LLM-E with OpenAI models.

class Config(model: str = 'gpt-4o-mini-2024-07-18', cache: str = None, seed: int = 777, verbose: bool = False, criteria: str = None, instruction_template: str = 'The goal of this task is to rank the presented targets based on the quality of the sentences.\nAfter reading the source sentence and target sentences, please assign a score from a minimum of 1 point to a maximum of 5 points to each target based on the quality of the sentence (note that you can assign the same score multiple times).\nFor targets without any edits, if the sentence is correct, they will be awarded 5 points; if there is an error, they will receive 1 point.\nThe edits in each target are indicated as follows:\nInsert "the": [→the]\nDelete "the": [the→]\nReplace "the" with "a": [the→a]\n\n# context\n[SOURCE]\n\n# targets\n[CORRECTION]\n\n# output format\nThe output should be a markdown code snippet formatted in the\nfollowing schema, including the leading and trailing "```json" and "```":\n```json\n{\n"target1_score": int // assigned score for target 1\n...\n"targetN_score": int // assigned score for target N\n}\n```\n', organization: str = None, api_key: str = None, base_url: str = None)[source]

Bases: Config

instruction_template: str = 'The goal of this task is to rank the presented targets based on the quality of the sentences.\nAfter reading the source sentence and target sentences, please assign a score from a minimum of 1 point to a maximum of 5 points to each target based on the quality of the sentence (note that you can assign the same score multiple times).\nFor targets without any edits, if the sentence is correct, they will be awarded 5 points; if there is an error, they will receive 1 point.\nThe edits in each target are indicated as follows:\nInsert "the": [→the]\nDelete "the": [the→]\nReplace "the" with "a": [the→a]\n\n# context\n[SOURCE]\n\n# targets\n[CORRECTION]\n\n# output format\nThe output should be a markdown code snippet formatted in the\nfollowing schema, including the leading and trailing "```json" and "```":\n```json\n{\n"target1_score": int // assigned score for target 1\n...\n"targetN_score": int // assigned score for target N\n}\n```\n'

hyp_form(src: str, hyp: str) → str[source]

This is used for chaning format of the hypothsis, e.g., edit representation. :param src: Source sentence. :type src: str :param hyp: Hypothesis sentence. :type hyp: str

Return: str: Another representation of the hypothesis.

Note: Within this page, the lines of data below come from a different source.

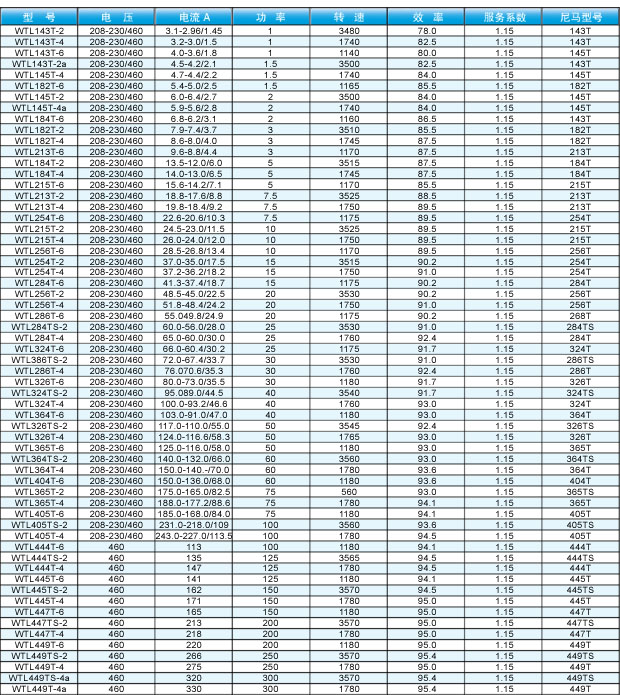 該系列電機為全封閉自扇冷式三相異步電動機,符合美國電氣制造商協(xié)會Nema的相關標準,電機采用F級絕緣,尼馬B設計或C設計,功率范圍從1馬力到300馬力,涵蓋2、4、6、8極,產(chǎn)品已獲得美國及加拿大政府的相關能效認證,證書號CC0082A及EEV2234888,亦獲得UL及CSA安全認證。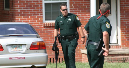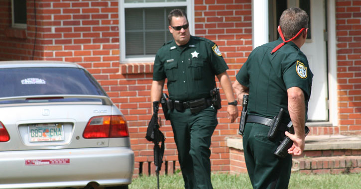 A short time after the robbery, numerous deputies converged on the home. With weapons drawn, deputies ordered the occupants of the home to exit. Flowers and a female complied and were temporarily detained, questioned and later released.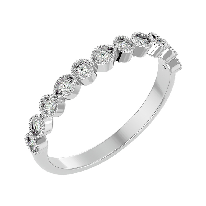 This fabulous moissanite thumb ring features 11 sparkling moissanites in E-F color, VVS1-VVS2 clarity totaling approximately 1/10 carat. This ring is in 14 karat white gold.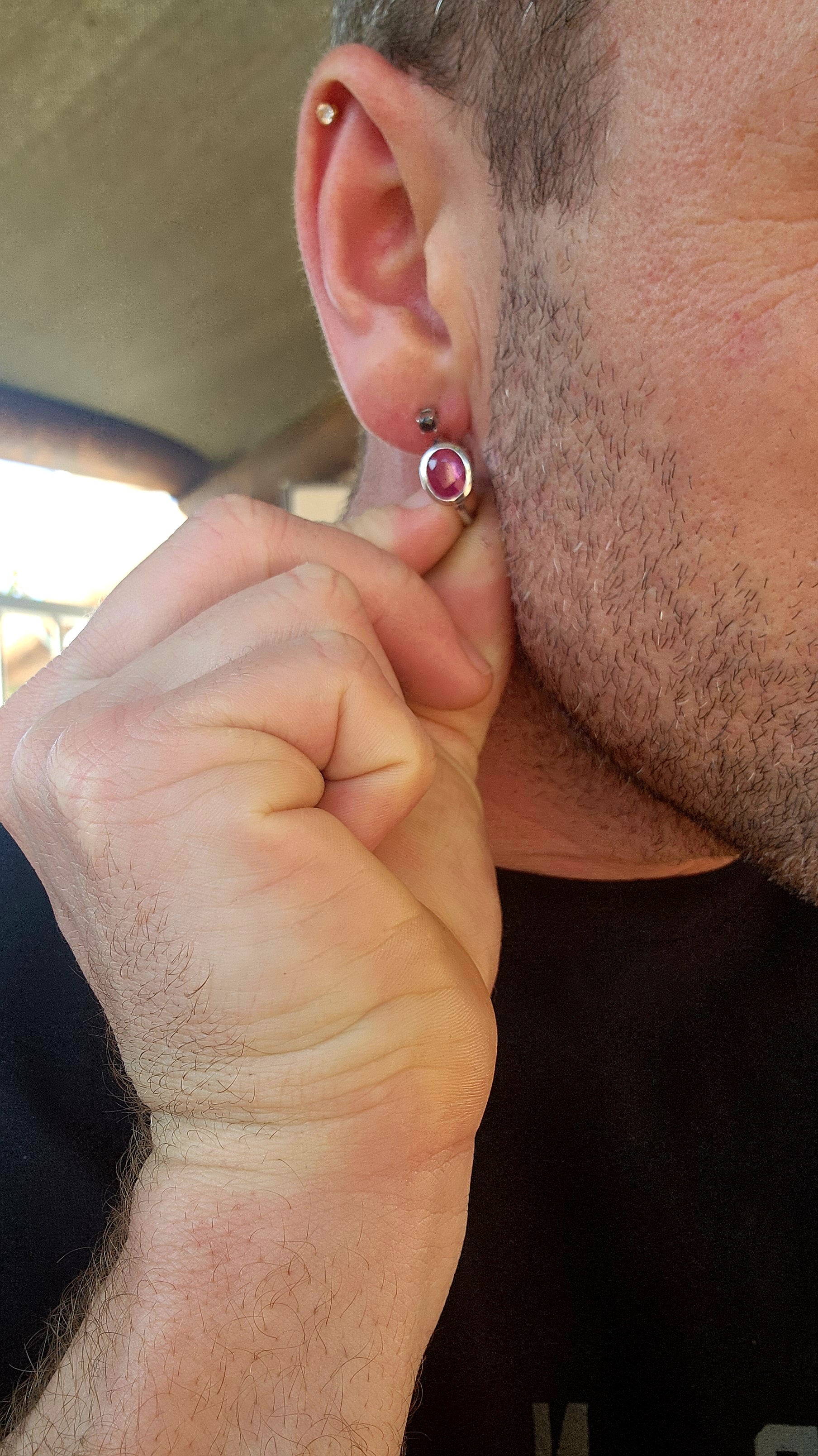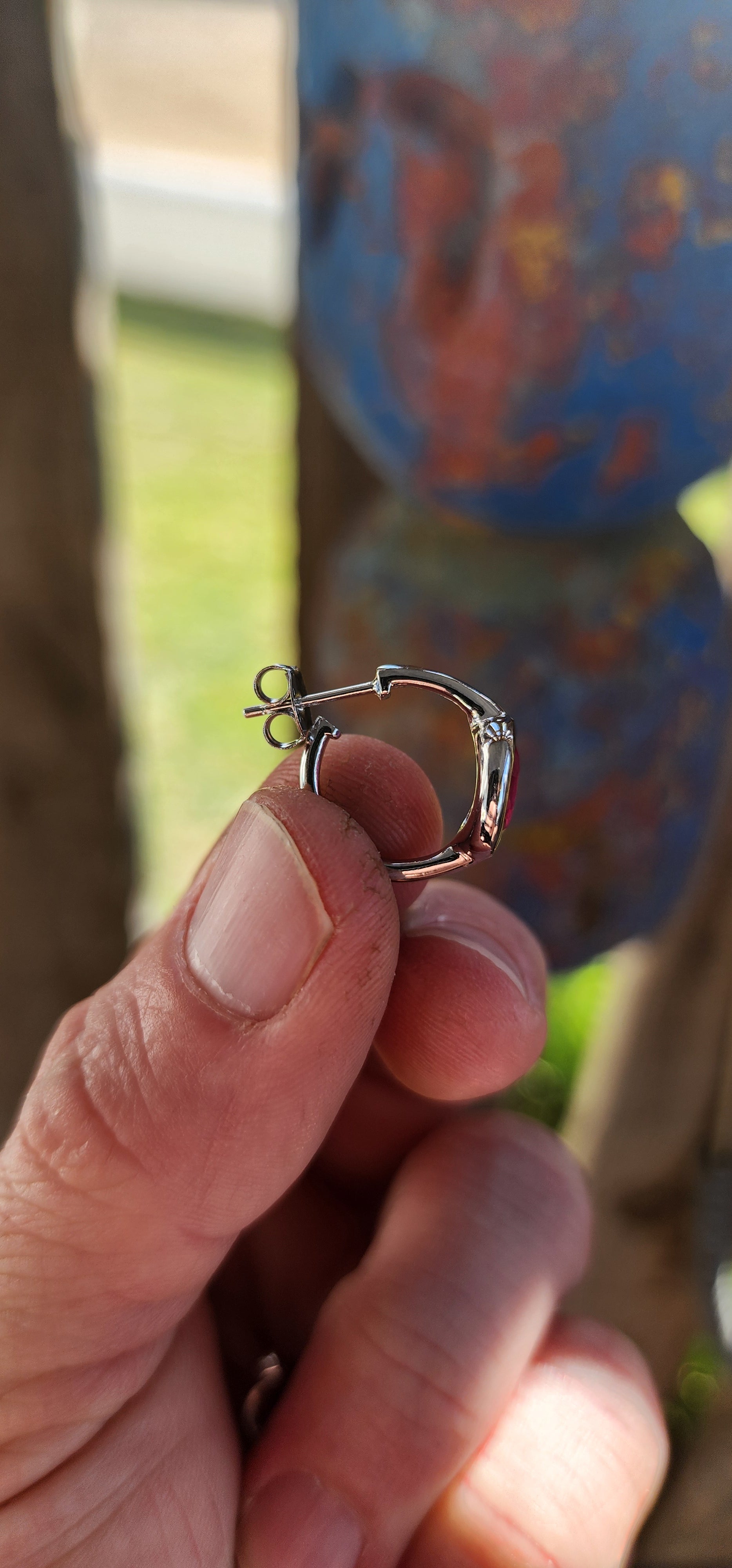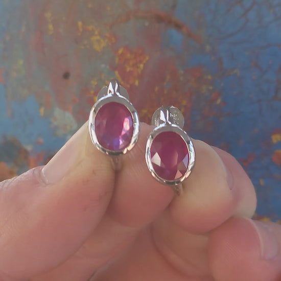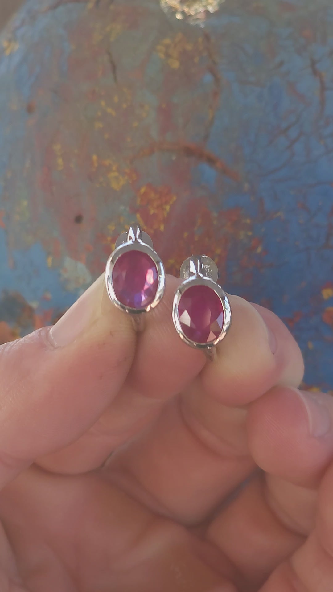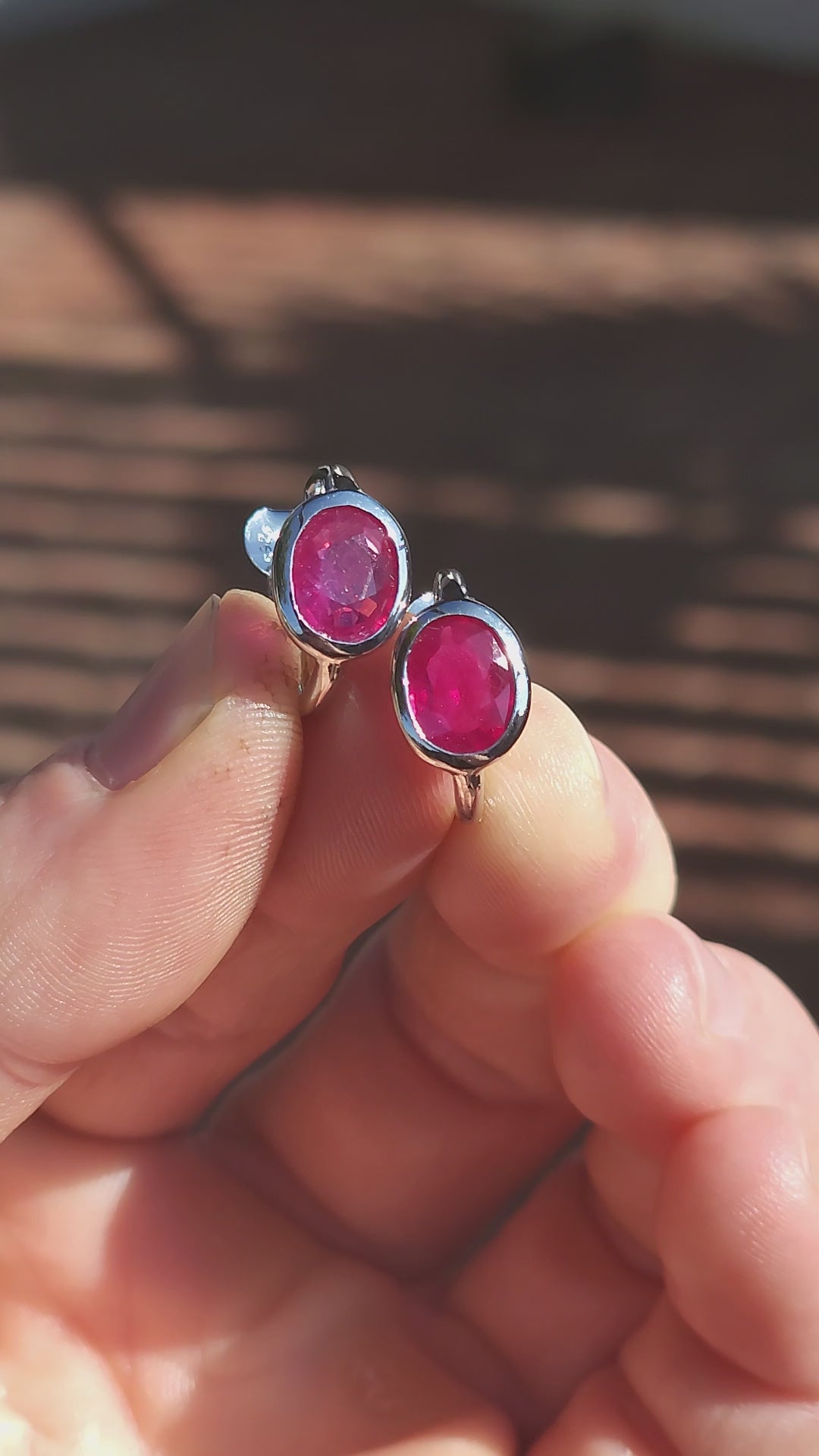 Bold, elegant, and effortlessly refined — this modernist pair of sterling silver half-hoop stud earrings commands attention with their minimalist geometry and rich color. Each earring showcases a vibrant oval-cut ruby, expertly tube-set in a smooth bezel mount at the center of the gently curved silver hoop. The design offers a seamless transition between contemporary and classic, balancing sleek metallic shine with the fiery glow of the gemstone.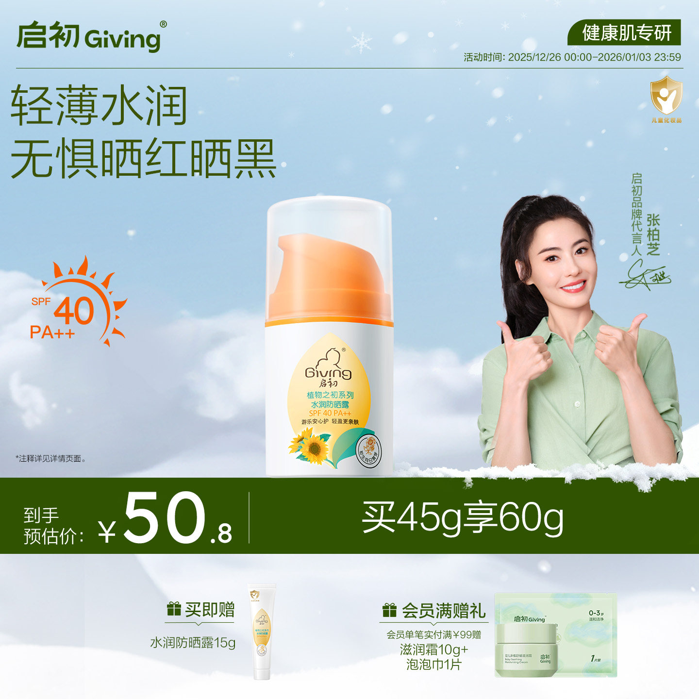 海龟爸爸儿童防晒霜小雪山防晒宝宝专用隔离紫外线婴儿物理防晒乳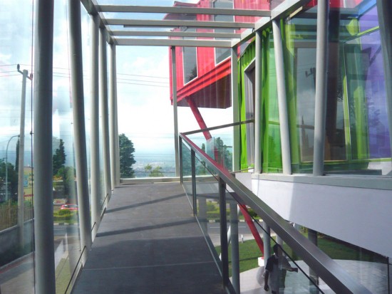 ガラス張りの坂道。ちょっとおしゃれ。

class gec_metrics.metrics.llm_kobayashi24.LLMKobayashi24OpenAISent(config: Config = None)[source]

Bases: LLMKobayashi24

LLM-S with OpenAI models.

class Config(model: str = 'gpt-4o-mini-2024-07-18', cache: str = None, seed: int = 777, verbose: bool = False, criteria: str = None, instruction_template: str = 'The goal of this task is to rank the presented targets based on the quality of the sentences.\nAfter reading the source sentence and target sentences, please assign a score from a minimum of 1 point to a maximum of 5 points to each target based on the quality of the sentence (note that you can assign the same score multiple times).\n\n# source\n[SOURCE]\n\n# targets\n[CORRECTION]\n\n# output format\nThe output should be a markdown code snippet formatted in the following schema, including the leading and trailing "```json" and "```":\n```json\n{\n"target1_score": int // assigned score for target 1\n...\n"targetN_score": int // assigned score for target N\n}\n```\n', organization: str = None, api_key: str = None, base_url: str = None)[source]

Bases: Config

OpenAI configuration.

Parameters:

model (str) – Model name.
organization (str) – Your organization key.
api_key (str) – Your api key.
base_url (str) – When using Gemini models, specify an appropriate url.

api_key: str = None

base_url: str = None

model: str = 'gpt-4o-mini-2024-07-18'

organization: str = None

call_client(instruction, response_format)[source]: Write forward scripts given instruction. You can refer output format.

load_client()[source]: This function loads LLM client, e.g. OpenAI() or .from_pretrained() forHuggingface model.